Rent control proponents might look at those results and say it's evidence of their policy working. The purpose of the policy, after all, is to preserve affordable housing. And rent control wouldn't be causing property values to fall unless it was also constraining future rent increases.
The standard anti-rent control counterargument is that those reduced property values also discourage developers from building new housing and encourage landlords to sell off existing units to owner-occupiers. Incumbent tenants get lower rents but newcomers to the city have a harder time finding housing, period. And even those lower rents come at the expense of less well-maintained units.

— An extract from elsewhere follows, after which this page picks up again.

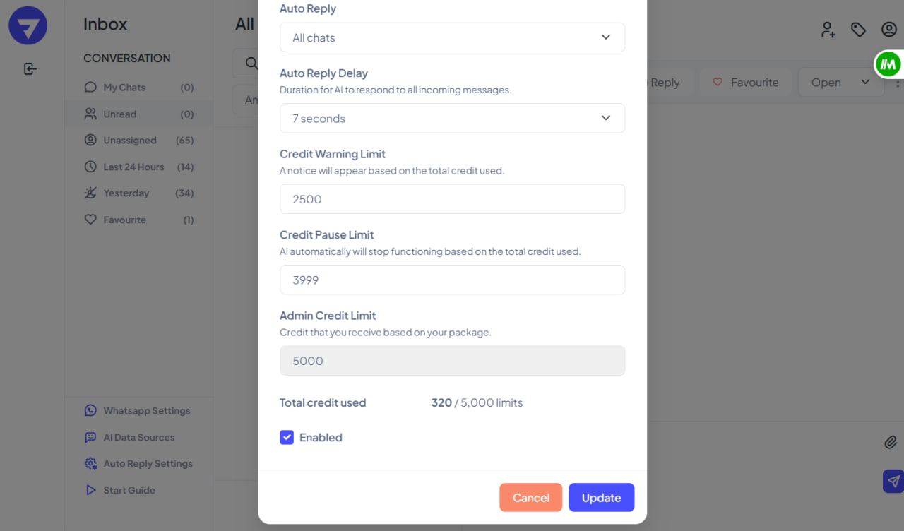 * <mark style="color:blue;">**Credit Pause Limit**</mark> (Ai will stop functioning based on the Total credit used. For example, if you set the Credit Pause Limit to 500, Ai will not function when the total credit used reaches 500)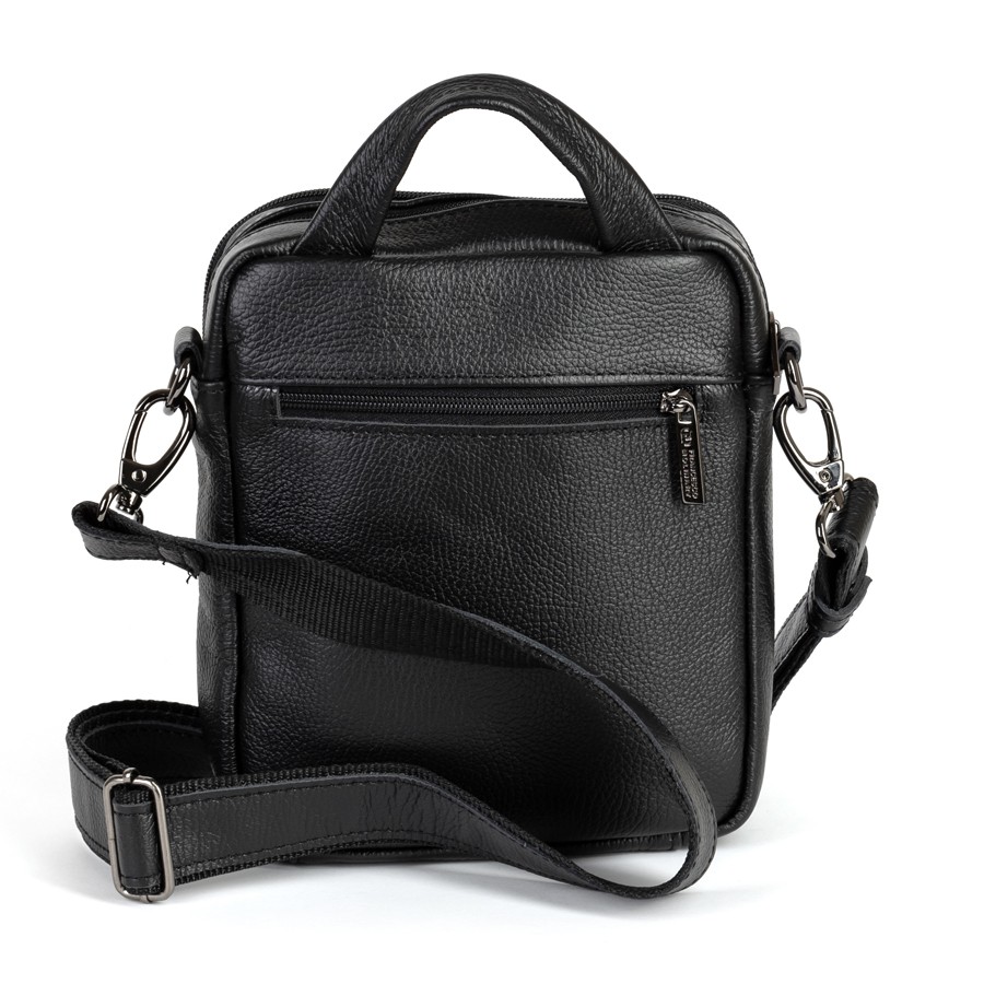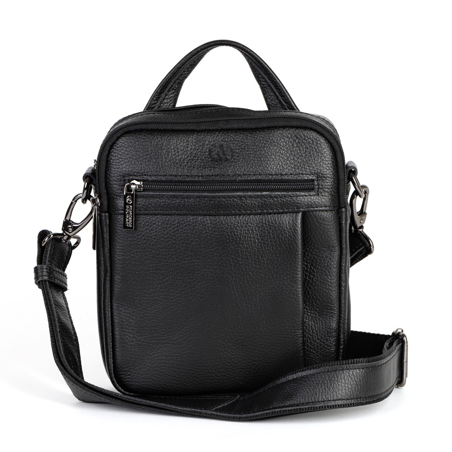Стильный мужской планшет бренда Francesco Molinary из натуральной кожи черного цвета и рельефной структуры. Модель с пришитой одной ручкой. Основное отделение на молнии, также имеет потайной карман. Внутри фирменная подкладка. Присутствуют большой карман лицевой стороне с отделениями под мелкие вещи, малый карман и карман сзади на молниях. В комплекте есть плечевой ремень

Ahern and Giacoletti don't spend much time on these issues of housing supply and quality. Their paper finds a small but statistically insignificant drop-off in new housing permits after the passage of rent control in St. Paul.
Instead, they focus on which tenants actually reap the most benefits from constrained rent increases. To do this, they separate census blocks in St. Paul into four categories based on whether the median incomes of owners and renters were higher or lower than the city's median income.
They found that the largest declines in rent control-induced home values happened in census blocks where owners had lower incomes than the median homeowner, and renters had higher incomes than the median renter. In those blocks, home values declined 8.5 percent on average.
The next steepest declines happened in census blocks where both renter and homeowner incomes were higher than median renter and homeowner incomes. There, home values declined 4.3 percent.
Conversely, areas with wealthier owners and poorer renters saw property values decline by less than a percent.
Ahern and Giacoletti say this is evidence that rents are constrained most in neighborhoods where incomes are high across the board, or where renters' incomes outstrip owners' incomes.
"This implies that the impact of rent control is poorly targeted," they write. "The largest transfer of wealth is from relatively low income owners to relatively high income renters."
This is an early study of a policy whose details are still being hammered out, so the paper's findings are hardly definite. But the results do match the results of other rent control policies around the country.
A comprehensive 2019 analysis of rent stabilization in New York City by The Wall Street Journal similarly found that well-off tenants were receiving the biggest discounts on rent. That same year, the New York legislature amended rent stabilization to make it harder for landlords to raise rents. The result, just like in St. Paul, was a steep fall in the value of rent-regulated properties.
A February survey conducted by the National Multifamily Housing Coalition similarly found that real estate investors were less likely to invest in markets with rent control.
The poorly targeted benefits of rent control are one reason why the policy has developed such a bad reputation. Policy wonks are more liable to advocate for rent vouchers or cash assistance for the poor instead.
Many libertarians might not support that kind of tax-and-spend redistribution. Unlike rent control, at least that redistribution is more likely to flow from rich to poor.